Records from a data source
++++++++++++++++++++

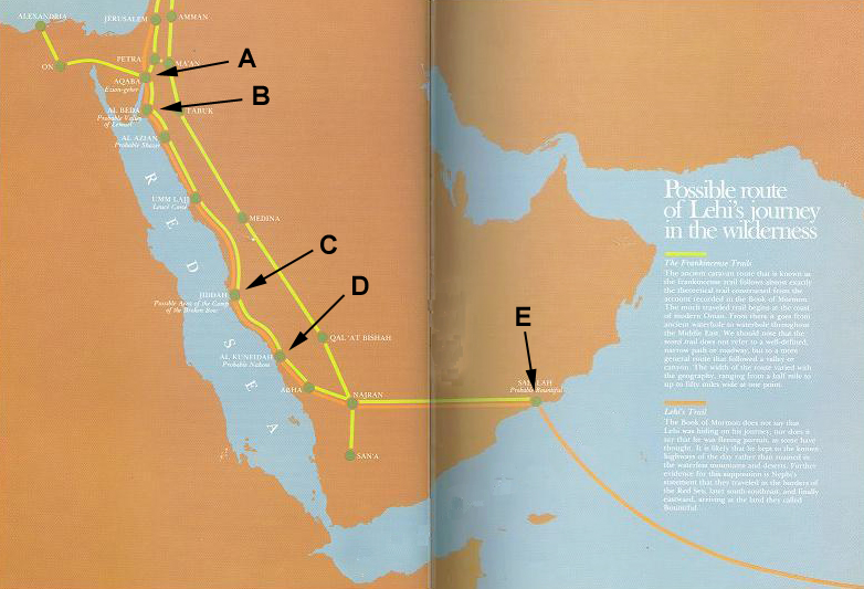 Scan of Hilton and Hilton, In Search of Lehi's Trail (1976), pp. 22-23, showing Arabian peninusla, with hypothesized journey of Lehi from Jerusalem to Old World Bountiful. Labels in large letters added for readability.
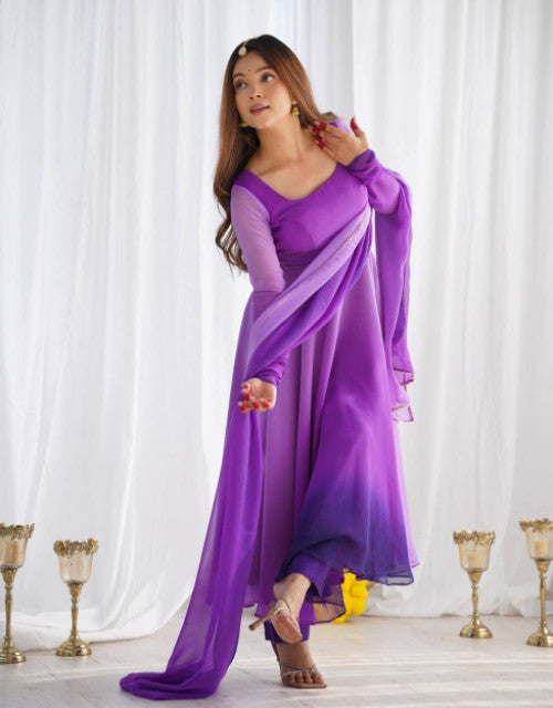 HEAVY PURE SOFT FOX GEORGETTE COLOURFULL GOWN
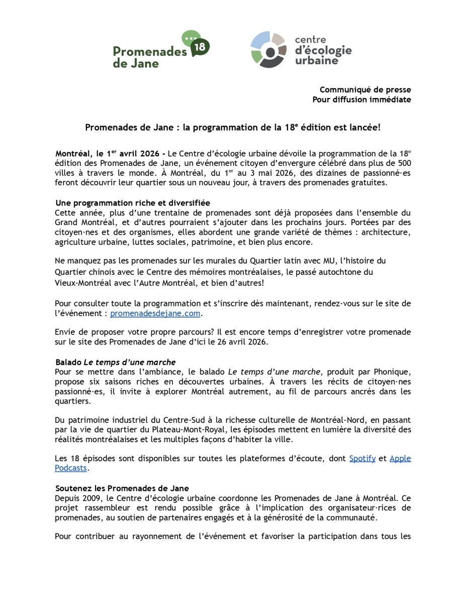 3 mars 2026 - Les Promenades de Jane reviennent pour une 18ᵉ édition à Montréal
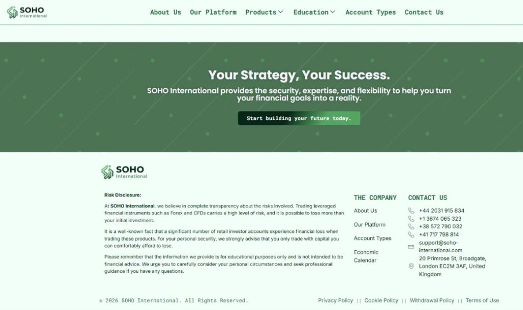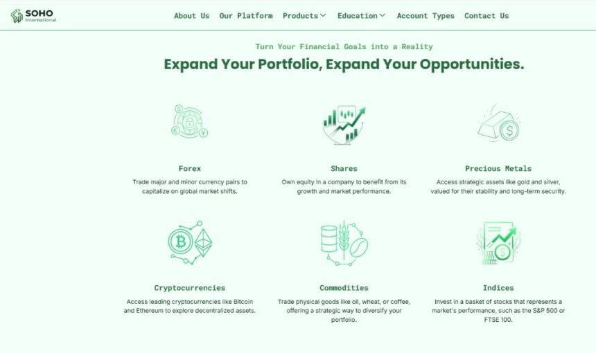Soho International (soho‑international.com) позиционирует себя как международная торговая платформа.
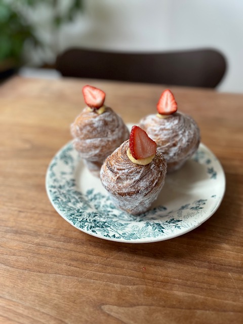 クロワッサンとマフィンをかけ合わせた、外はザクザク、中はしっとりふわふわ食感が絶妙なアメリカ生まれのスイーツパン、クラフィン。ホシノ丹沢酵母を使ったクロワッサン生地で苺×クリームとシナモンシュガーの2種類作ります。レッスンでは生地にバターを折り込む工程からの作業となり、生地捏ねは動画でご説明いたします。
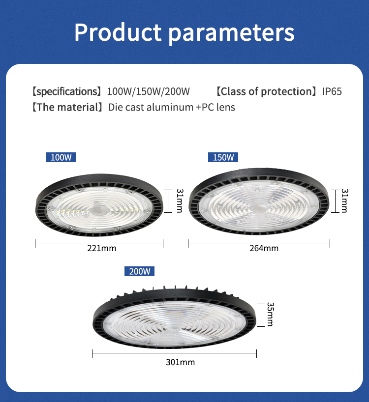 Color rendering index (Ra): 70 aspect: 300*100mm LED chips: 2835 Lamp luminous flux (lm): 16500 type: LED flying saucer lights Warranty (year): 2 years usage: workshop warehouse gymnasium industrial exhibition shopping mall plaza Watts: 150W Lamp Luminous Efficiency (lm/w): 110 light source: to......
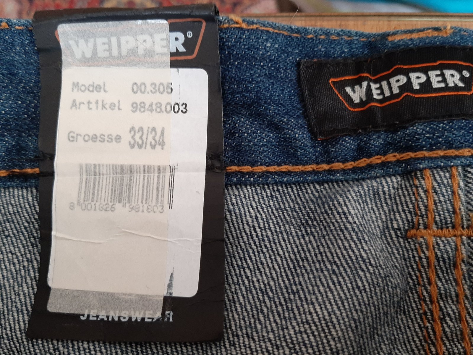 Pánske rifle značka Weipper veľkosť 33/34. Nenosené, ešte s etiketou.
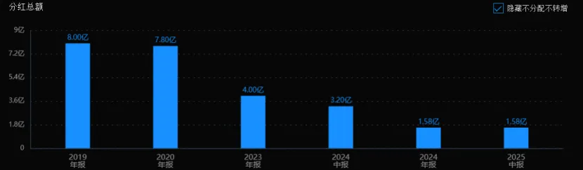 2019年,拉卡拉刚刚上市募资12.32亿元后,就分红超过8个亿,几乎是全年归母净利润的100%;2020年,拉卡拉再次分红7.8亿元,股利支付率高达83.78%;2023年,又分红4个亿,股利支付率达到87.34%;2024年更是分红4.78亿元,而当年净利润仅3.51亿元,分红金额远超当年净利润;2025年上半年,再派现1.58亿元。
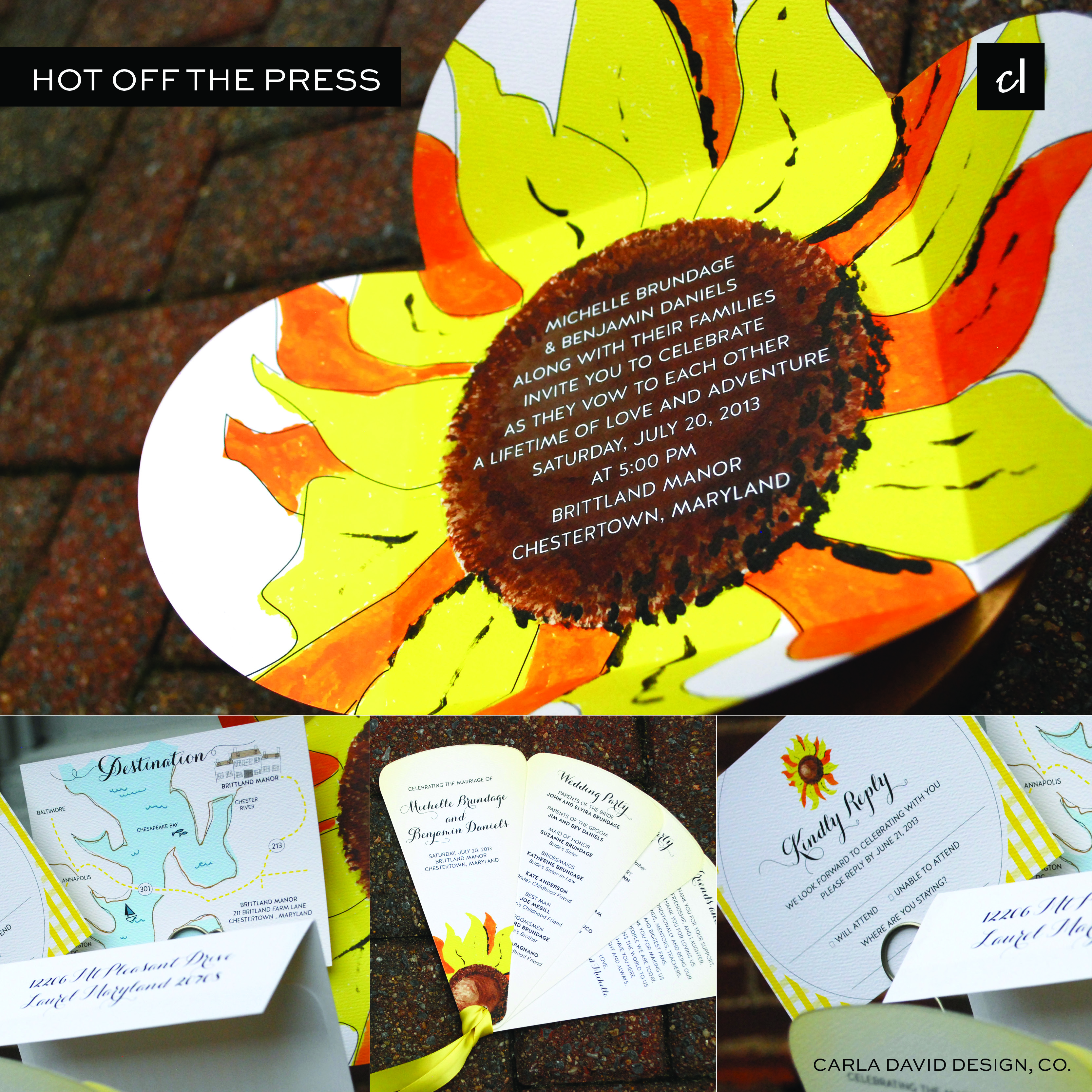 Remember the sneak peak we gave you of the cute hand drawn sunflower invitations? Well here they are with the coordinating custom map, program fans, and RSVP postcards. What a perfect summertime design!
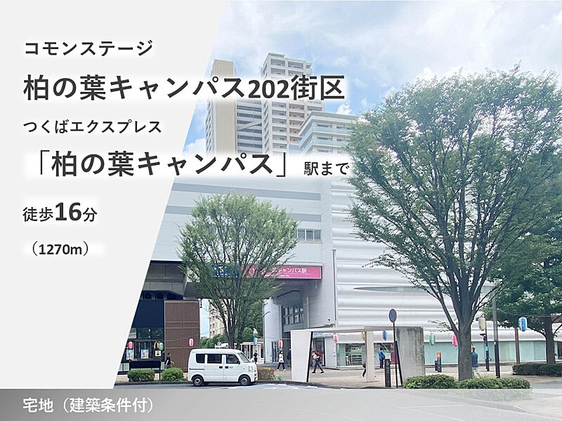 ■全7区画の建築条件付き分譲地■「柏の葉キャンパス」駅徒歩16分。■柏の葉キャンパス駅からは秋葉原駅(34分)・北千住駅(24分)へ乗り換えなしでアクセス可能(平日7時台、通勤時)
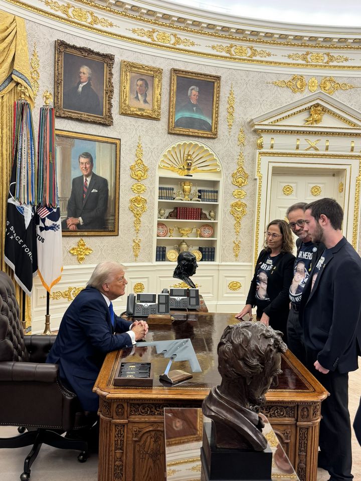 7일(현지 시간) 타임스오브이스라엘에 따르면 트럼프 대통령은 이날 오전 하마스에 의해 살해된 미국-이스라엘 이중 국적자 오메르 노이트라의 가족을 백악관에서 만났다.
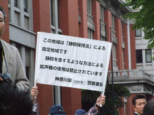 「外国公館等周辺地域」の「静穏」を「保持」するというならば、何よりAPEC会場で音量が測られるべきであり、ましてや基準も示さないままにマイクをスピーカーにくっつけて音量を測って「逮捕するぞ」と恫喝する。言わば、法定速度の定められていない道路でスピード違反の取り締まりをやるような暴挙であり、この「静穏保持法」の適用と一連のデモ規制のやり方は法治と民主主義を根本から破壊するものだと指摘せざるを得ません。国が憲法21条が保証している表現の自由を侵すことは、国家権力の濫用に他なりません。

++++++++++++++++++++

◆ Your assignment ◆
Would you write out exactly the lines above, starting at the line containing "Soho International (soho‑international.com)" and stopping after the line containing "7일(현지 시간) 타임스오브이스라엘에"? Omit the pictures.

◆ Solution for this exercise ◆
Soho International (soho‑international.com) позиционирует себя как международная торговая платформа.
 クロワッサンとマフィンをかけ合わせた、外はザクザク、中はしっとりふわふわ食感が絶妙なアメリカ生まれのスイーツパン、クラフィン。ホシノ丹沢酵母を使ったクロワッサン生地で苺×クリームとシナモンシュガーの2種類作ります。レッスンでは生地にバターを折り込む工程からの作業となり、生地捏ねは動画でご説明いたします。
 Color rendering index (Ra): 70 aspect: 300*100mm LED chips: 2835 Lamp luminous flux (lm): 16500 type: LED flying saucer lights Warranty (year): 2 years usage: workshop warehouse gymnasium industrial exhibition shopping mall plaza Watts: 150W Lamp Luminous Efficiency (lm/w): 110 light source: to......
 Pánske rifle značka Weipper veľkosť 33/34. Nenosené, ešte s etiketou.
 2019年,拉卡拉刚刚上市募资12.32亿元后,就分红超过8个亿,几乎是全年归母净利润的100%;2020年,拉卡拉再次分红7.8亿元,股利支付率高达83.78%;2023年,又分红4个亿,股利支付率达到87.34%;2024年更是分红4.78亿元,而当年净利润仅3.51亿元,分红金额远超当年净利润;2025年上半年,再派现1.58亿元。
 Remember the sneak peak we gave you of the cute hand drawn sunflower invitations? Well here they are with the coordinating custom map, program fans, and RSVP postcards. What a perfect summertime design!
 ■全7区画の建築条件付き分譲地■「柏の葉キャンパス」駅徒歩16分。■柏の葉キャンパス駅からは秋葉原駅(34分)・北千住駅(24分)へ乗り換えなしでアクセス可能(平日7時台、通勤時)
 7일(현지 시간) 타임스오브이스라엘에 따르면 트럼프 대통령은 이날 오전 하마스에 의해 살해된 미국-이스라엘 이중 국적자 오메르 노이트라의 가족을 백악관에서 만났다.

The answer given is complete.